| Dataset section |
◆ ◆ ◆

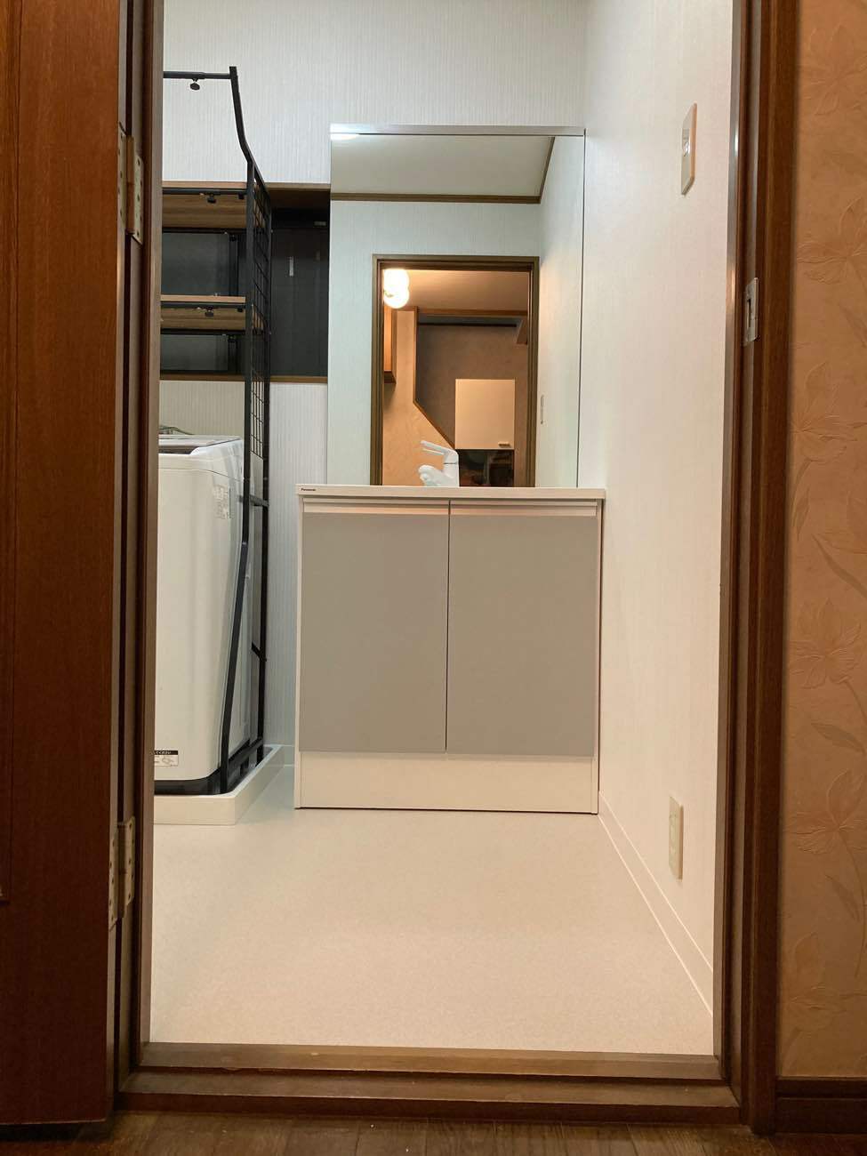 エコキュートの故障からの依頼でお伺いしました。お話を聴かせていただくと今まで塗装はされていましたが、水廻りは20年以上リフォームをされていない状態でした。とはいえ年数を感じないほど、すごくキレイに使用されていました。今まで使われていたからこそ使いにくさや掃除のしにくさを感じられているところがありました。色々聞かせていただいた上でこれからも長く使えて今の生活に合わせて使いやすく、掃除もしやすいものをご提案させていただきました。トイレ・洗面台はシンプルに物を置かず掃除がしやすいものを選び、浴室はキープクリーン浴槽と床、ホーローパネルで汚れの付きにくさと取れやすくお掃除がしやすく、また、RC構造で冷えもあったため保温性の高いものを選びました。キッチンは、収納したいものをお伺いした上で余裕を持たせた収納量と普段調理されるときの動線も奥様と一緒に考え引出しの位置を決めました。また、全ての場所の天井壁のクロス、床材に至るまで、ご夫婦で考え選ばれたこだわりの詰まったものに仕上がりました。
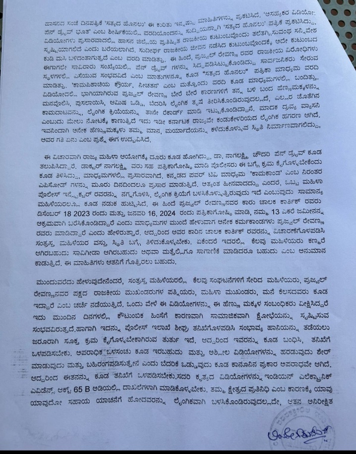 ಈ ಪ್ರಕರಣಕ್ಕೆ ಸಂಬಂಧಿಸಿದಂತೆ ಈ ಹಿಂದೆ ಬಿಜೆಪಿ ಮುಖಂಡ ದೇವರಾಜೇಗೌಡ ಅವರು ಪತ್ರಿಕಾ ಗೋಷ್ಠಿ ನಡೆಸಿ ಮಾಹಿತಿ ನೀಡಿದ್ದರು. ಈ ಎಲ್ಲ ವಿಚಾರಗಳನ್ನು ಪರಮರ್ಶೆ ಮಾಡುವ ಮೂಲಕ ತಪ್ಪಿತಸ್ಥರ ವಿರುದ್ಧ
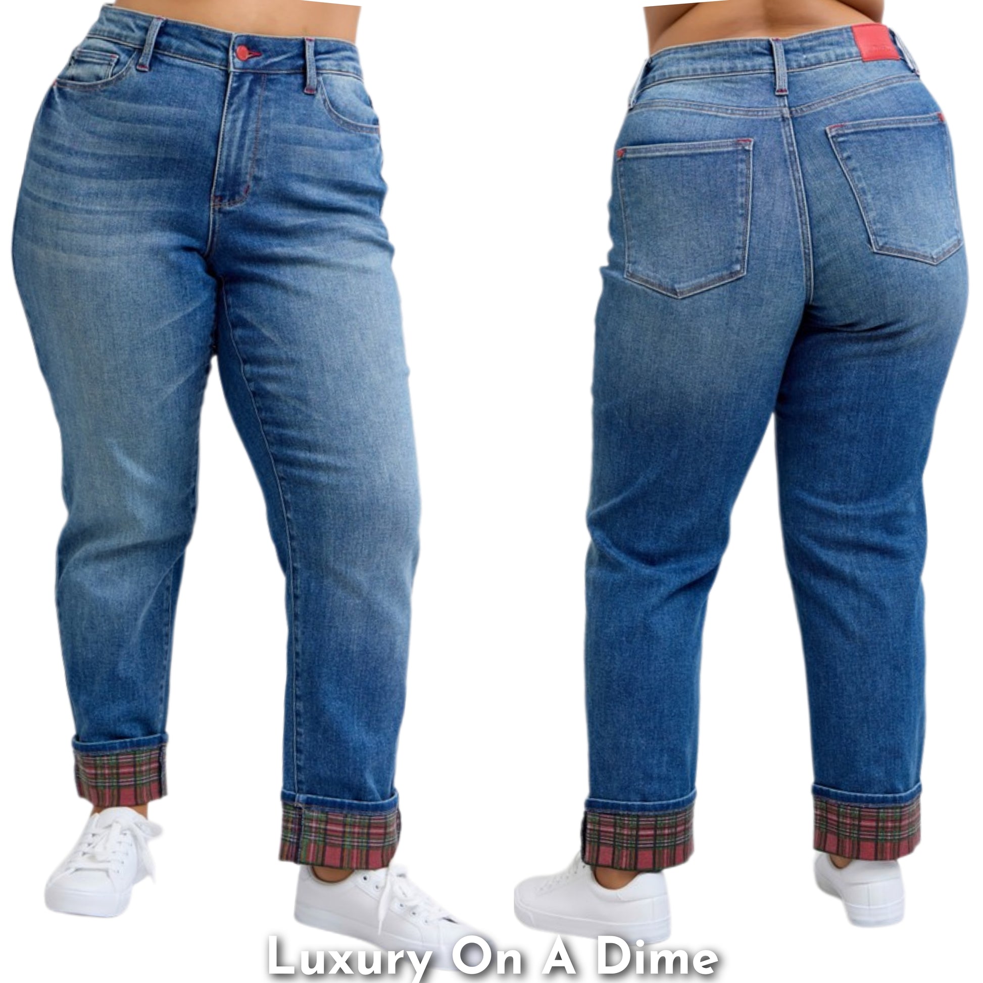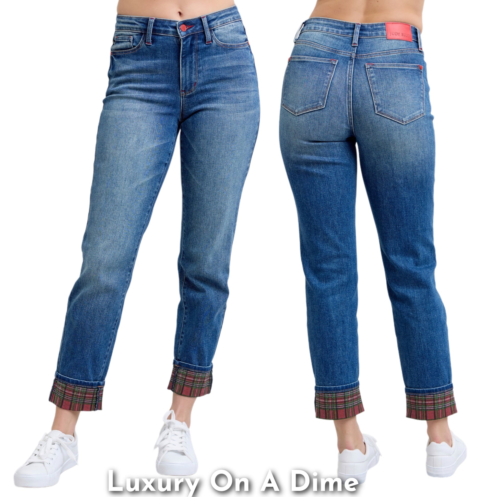 Judy Blue Red Plaid Cuffed Mid-Rise Skinny Denim Boyfriend Jeans Ankle Pants Plus Size Available

◆ ◆ ◆

| Instructions for the task |
Pictures are to be dropped, and the lines from the line with "ಈ ಪ್ರಕರಣಕ್ಕೆ ಸಂಬಂಧಿಸಿದಂತೆ" through the end of the material above are to be reproduced exactly.

| Output for this exercise |
 ಈ ಪ್ರಕರಣಕ್ಕೆ ಸಂಬಂಧಿಸಿದಂತೆ ಈ ಹಿಂದೆ ಬಿಜೆಪಿ ಮುಖಂಡ ದೇವರಾಜೇಗೌಡ ಅವರು ಪತ್ರಿಕಾ ಗೋಷ್ಠಿ ನಡೆಸಿ ಮಾಹಿತಿ ನೀಡಿದ್ದರು. ಈ ಎಲ್ಲ ವಿಚಾರಗಳನ್ನು ಪರಮರ್ಶೆ ಮಾಡುವ ಮೂಲಕ ತಪ್ಪಿತಸ್ಥರ ವಿರುದ್ಧ
 Judy Blue Red Plaid Cuffed Mid-Rise Skinny Denim Boyfriend Jeans Ankle Pants Plus Size Available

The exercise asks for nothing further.